Wie schön und detail­reich Andrew Micheal Hur­ley sei­nen Roman „Loney“ schmückt, so scheint er einen ande­ren wich­ti­gen Teil zu ver­nach­läs­si­gen: Die Geschichte. Zwar lebt diese auch durch ihre düs­tere Atmo­sphäre, düm­pelt jedoch eher schwach vor sich hin und jeg­li­ches Auf­kom­men von Span­nung ver­läuft sich recht schnell im Sande der eng­li­schen Küste. Erst gegen Ende neh­men die Ereig­nisse rund um das Geheim­nis in The Loney etwas Fahrt auf, was jedoch reich­lich spät erscheint.

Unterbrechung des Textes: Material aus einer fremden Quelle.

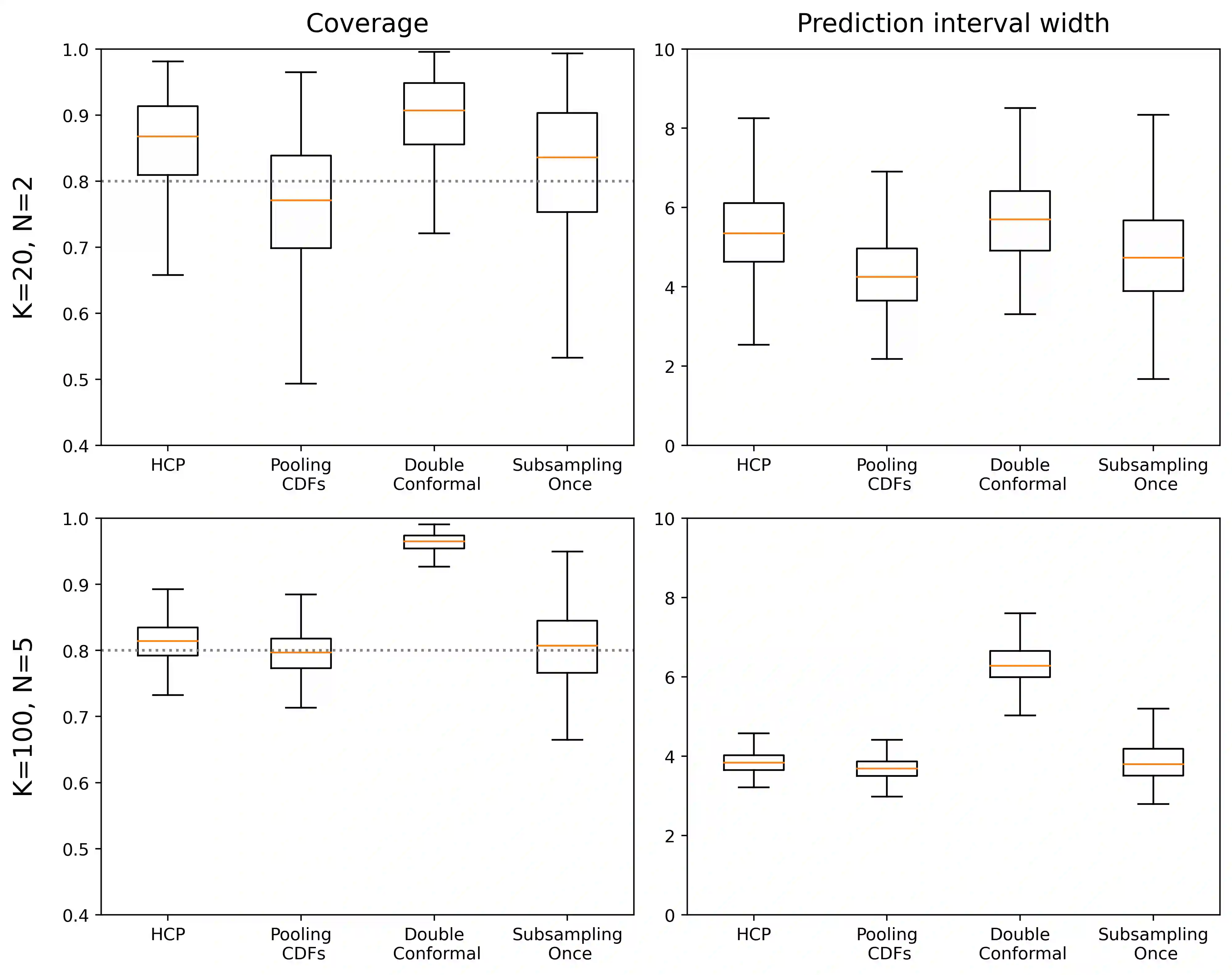 This paper studies distribution-free inference in settings where the data set has a hierarchical structure -- for example, groups of observations, or repeated measurements. In such settings, standard notions of exchangeability may not hold. To address this challenge, a hierarchical form of exchangeability is derived, facilitating extensions of distribution-free methods, including conformal prediction and jackknife+. While the standard theoretical guarantee obtained by the conformal prediction framework is a marginal predictive coverage guarantee, in the special case of independent repeated measurements, it is possible to achieve a stronger form of coverage -- the "second-moment coverage" property -- to provide better control of conditional miscoverage rates, and distribution-free prediction sets that achieve this property are constructed. Simulations illustrate that this guarantee indeed leads to uniformly small conditional miscoverage rates. Empirically, this stronger guarantee comes at the cost of a larger width of the prediction set in scenarios where the fitted model is poorly calibrated, but this cost is very mild in cases where the fitted model is accurate.

Namen, Zeit­sprünge und ande­rer Wirrwarr

Wahr­schein­lich gerade durch seine ruhige Geschichte schafft „Loney“ einen sehr ange­neh­men Lese­fluss, der einen bestän­dig durch das Buch führt. Wären da nicht die Hol­per­steine in Form von ver­wir­ren­den Namen und Bezeich­nun­gen, sowie plötz­li­chen Zeit­sprün­gen. So wird der Gemein­de­pfar­rer nicht in ‚Vater‘ über­setzt, son­dern beim eng­li­schen ‚Father‘ belas­sen, was sich mit dem Spitz­na­men von „Ton­tos“ Vater ‚Far­t­her‘ beißt und somit immer wie­der für eine kurze Lese­pause sorgt, um sich klar zu machen, wer jetzt gemeint ist. Auch die Zeit­sprünge zwi­schen den Ver­gan­gen­hei­ten kom­men immer wie­der über­ra­schend und erst anhand von Namen – etwa durch den ver­stor­be­nen Father Wilf­red – erkennt man, in wel­cher Zeit­li­nie man sich befindet.

(K)ein Got­tes­ge­schenk?

Ich per­sön­lich bin ziem­lich hin- und her­ge­ris­sen was ich nun mit „Loney“ anfan­gen soll. Immer wie­der hatte ich das Bedürf­nis, es aus der Hand zu legen und es einige Tage ruhen zu las­sen. Als ich es mir dann aber wie­der vor­nahm, geriet ich in einen Lese­fluss, wel­cher mich ein bis zwei Kapi­tel am Stück lesen ließ. „Loney“ lebt, wie schon erwähnt, durch seine Bild­spra­che und die träu­me­ri­schen Land­schaf­ten, ver­schenkt jedoch viel Poten­tial in der Geschichte. Dies ist sehr schade, da sie doch einige Mög­lich­kei­ten bot, zu einem ziem­lich düs­te­ren Thril­ler zu werden.
Trotz all sei­ner ver­schenk­ten Chan­cen ist „Loney“ eine Emp­feh­lung. All jene, die an einer ruhi­gen aber stim­mungs­vol­len Geschichte Inter­esse haben, könn­ten mit „Loney“ einige ange­nehme Stun­den haben. Auch ist es als Rei­se­ro­man, für lange Zug- oder Bus­fahr­ten eben­falls gut geeignet.

Loney. Andrew Micheal Hur­ley. Über­set­zung aus dem Eng­li­schen: Yase­min Din­cer. Ull­stein. 2016.